There are some considerations to keep in mind regarding the results of these regressions. First of all, I highly suspect that the “Independent variables” are not completely independent of each other. The overlap would cause some distortion in the equation results.

Secondly, the stock price data was for the first recorded date in January of the given year, and the M3 and IPI data was end-of-month data for January. In retrospect, it may have been a good idea to use IPI and M3 data from December of the previous year, but the change should not be drastic, since manufacturing trends tend to increase or decrease gradually from month to month the majority of the time.

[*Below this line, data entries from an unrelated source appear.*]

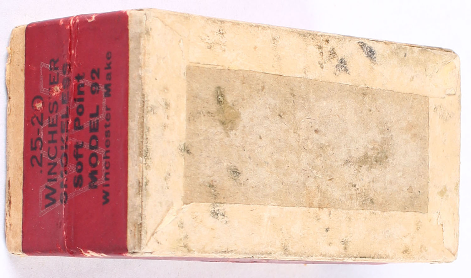 Winchester, Smokeless Cartridges, .25-20 Winchester, 86 Grain Winchester Soft Point, FULL & SEALED, 2pc. Buff box with red top & side sealing labels, box is solid with excellent color, minor shelf wear, some edge & corner wear, labels are intact. Grade: Excellent - Value: 200 to 400
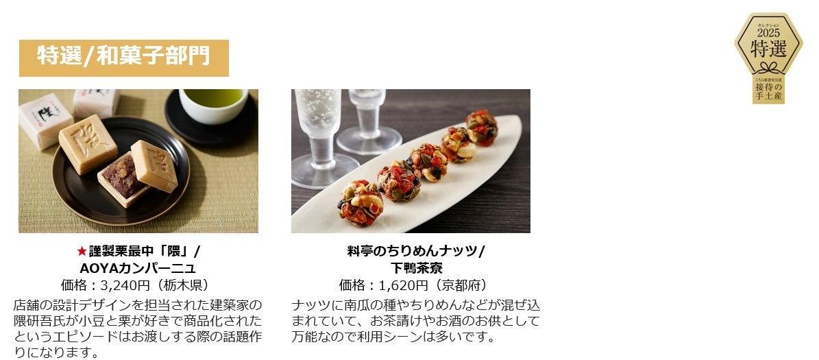 <「『接待の手土産』セレクション 2025」 特選20品の傾向>
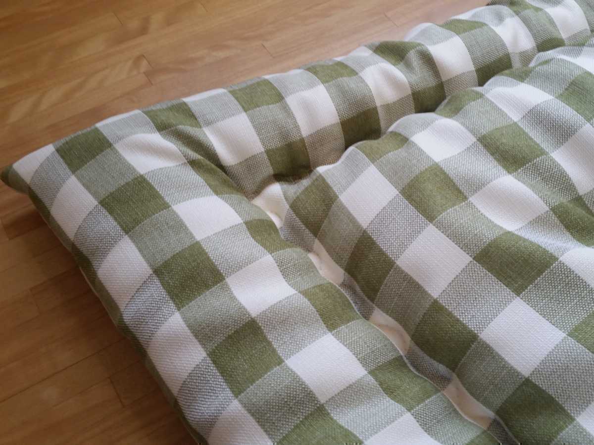 なかなか画像では伝わりにくいのですが、落ち着いたグリーンチェックのざっくりとした生地で出来ばえは本物思考の商品です。
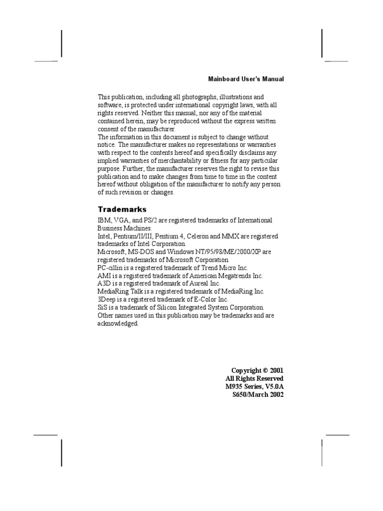 IBM, VGA, and PS/2 are registered trademarks of International Business Machines. Intel, Pentium/II/III, Pentium 4, Celeron and MMX are registered trademarks of Intel Corporation. Microsoft, MS-DOS and Windows NT/95/98/ME/2000/XP are registered trademarks of Microsoft Corporation. PC-cillin is a registered trademark of Trend Micro Inc. AMI is a registered trademark of American Megatrends Inc. A3D is a registered trademark of Aureal Inc. MediaRing Talk is a registered trademark of MediaRing Inc. 3Deep is a registered trademark of E-Color Inc. SiS is a trademark of Silicon Integrated System Corporation. Other names used in this publication may be trademarks and are acknowledged.

Thirdly, the Defense budget data calculated on a yearly basis, so this could skew the correlation. Monthly DoD spending data would add accuracy to the equations.

In addition, another idea for this project was to test the data for the recession years to see if there was a significant impact on the other variables. The data includes three recession years, but it would be difficult to test recession vs. non-recession years with only three data points (‘08, ‘09, and ’10). One would to leave out Defense spending from the equation, then just measure manufacturing data (stock price = Bo + IPI + M3)

This exercise provided additional insight into the stock price of US defense companies. While the data did provide some insight, we should remember that other factors affect stock prices, and this is reflected by R-squared figures ranging from the mid-50% to mid-90% range. Of course, further study is necessary.